▸ THE PROBLEM
Output exactly the lines from the one containing "It wasn't exactly" through the final line of the entries below, both included, and skip the pictures.

Items from a data source
————

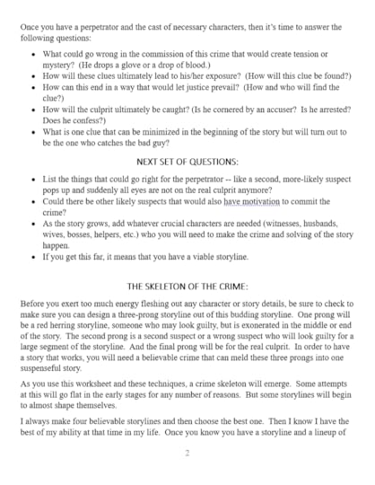By having a long list of every character, street names, crime locations, neighbor names, job titles, etc., you will have all of this information at your fingertips.
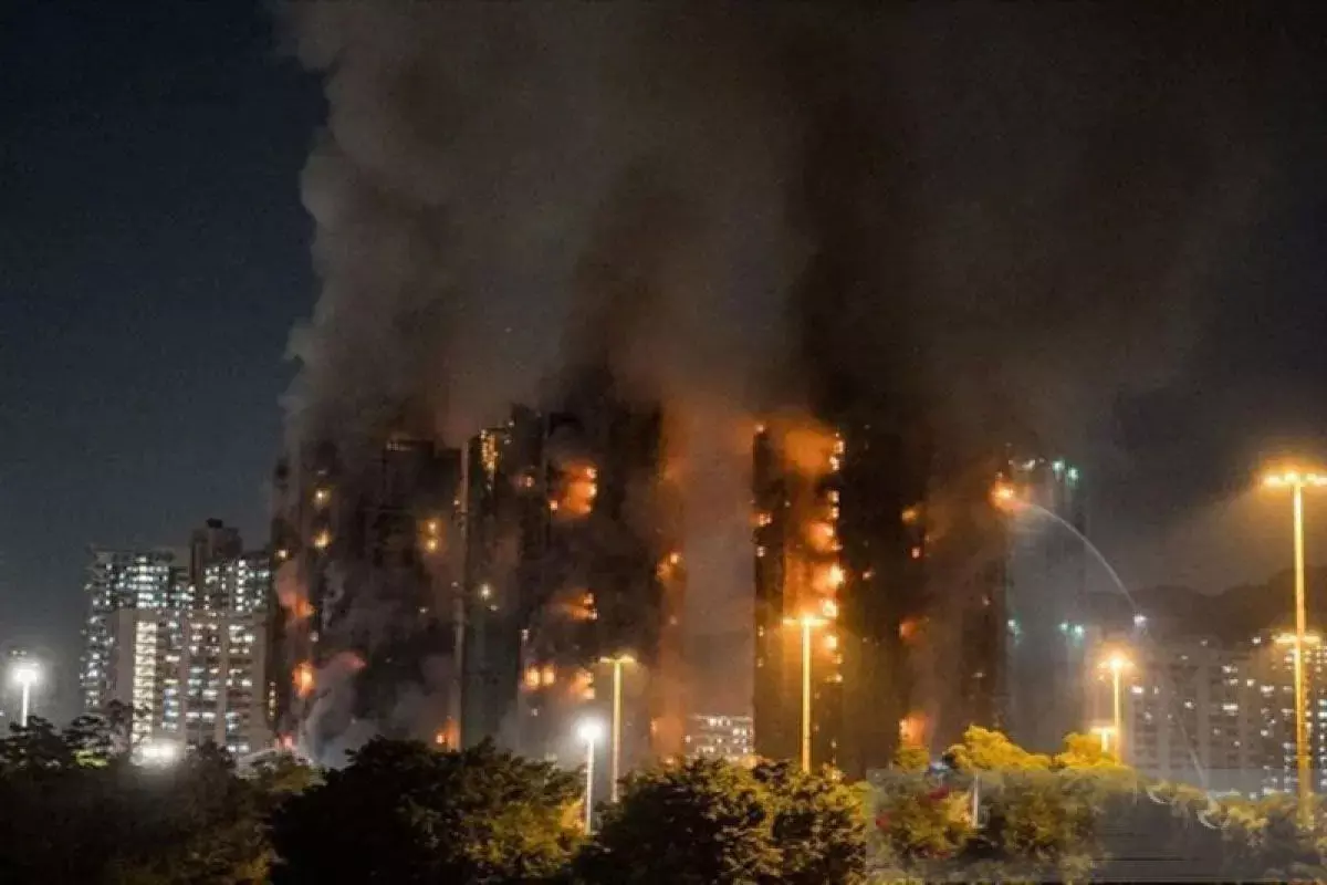 Kebakaran besar di kompleks apartemen di Hong Kong. ANTARA/Anadolu.
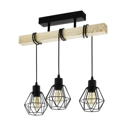Eglo Ceiling Light Townshend 5 Steel Wood Black | IP20 - Suitable for 3x E27
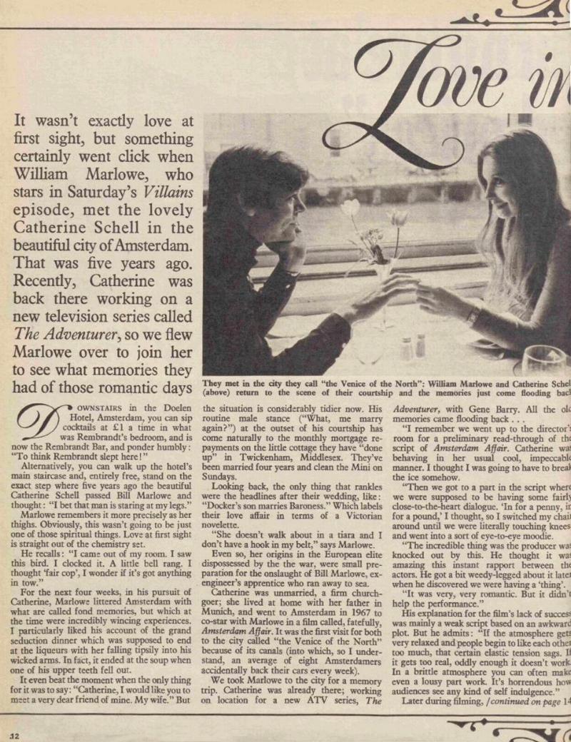 It wasn't exactly love at first sight, but something certainly went click when William Marlowe, who stars in Saturday's Villains episode, met the lovely Catherine Schell in the beautiful city of Amsterdam. That was five years ago. Recently, Catherine was back there working on a new television series called The Adventurer, so we flew Marlowe over to join her to see what memories they had of those romantic days
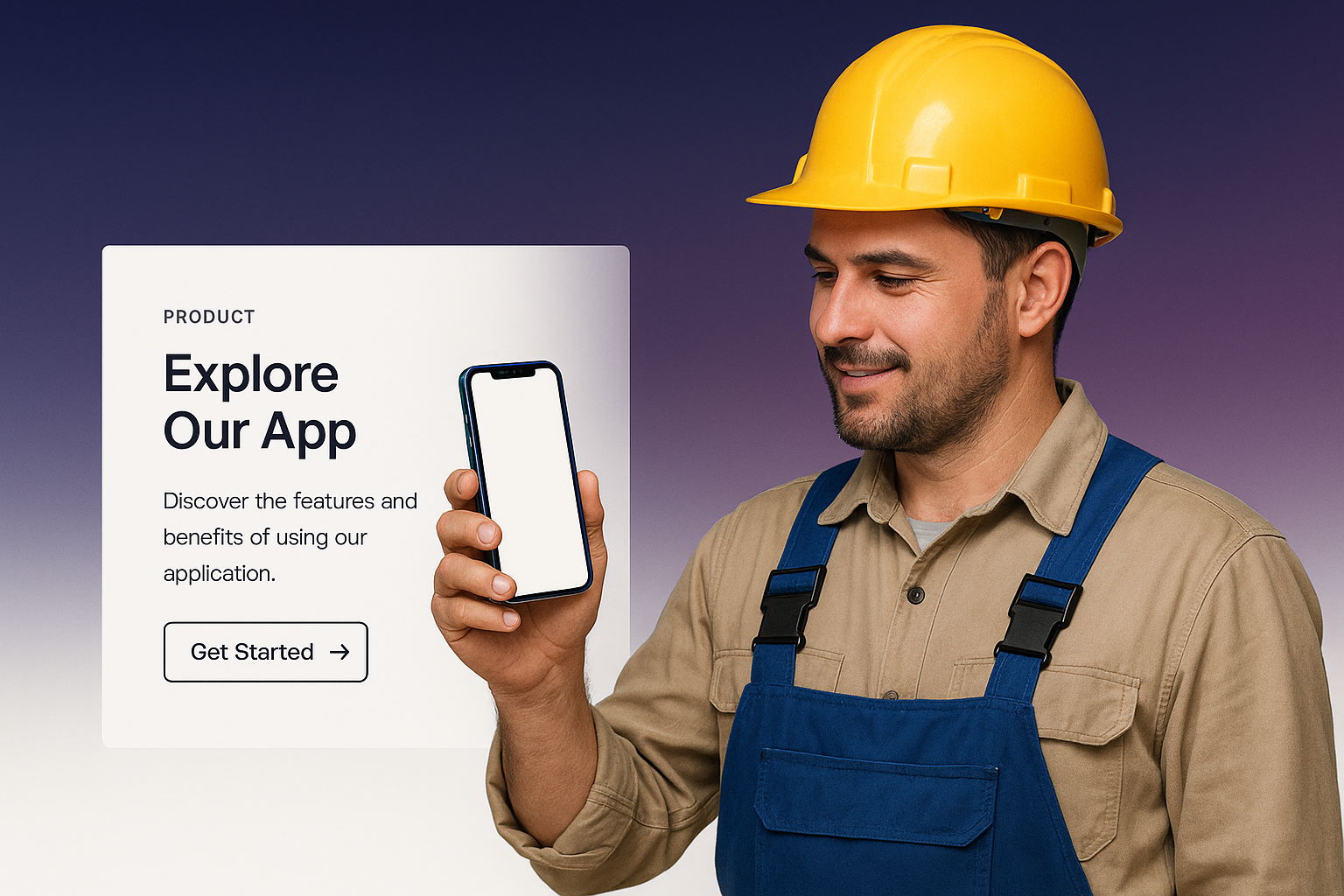 A construction worker in a yellow hard hat smiles while holding a smartphone. A promotional block next to him invites users to explore app features with a clear call to action.

————

▸ RESPONSE FOR THIS EXERCISE
 It wasn't exactly love at first sight, but something certainly went click when William Marlowe, who stars in Saturday's Villains episode, met the lovely Catherine Schell in the beautiful city of Amsterdam. That was five years ago. Recently, Catherine was back there working on a new television series called The Adventurer, so we flew Marlowe over to join her to see what memories they had of those romantic days
 A construction worker in a yellow hard hat smiles while holding a smartphone. A promotional block next to him invites users to explore app features with a clear call to action.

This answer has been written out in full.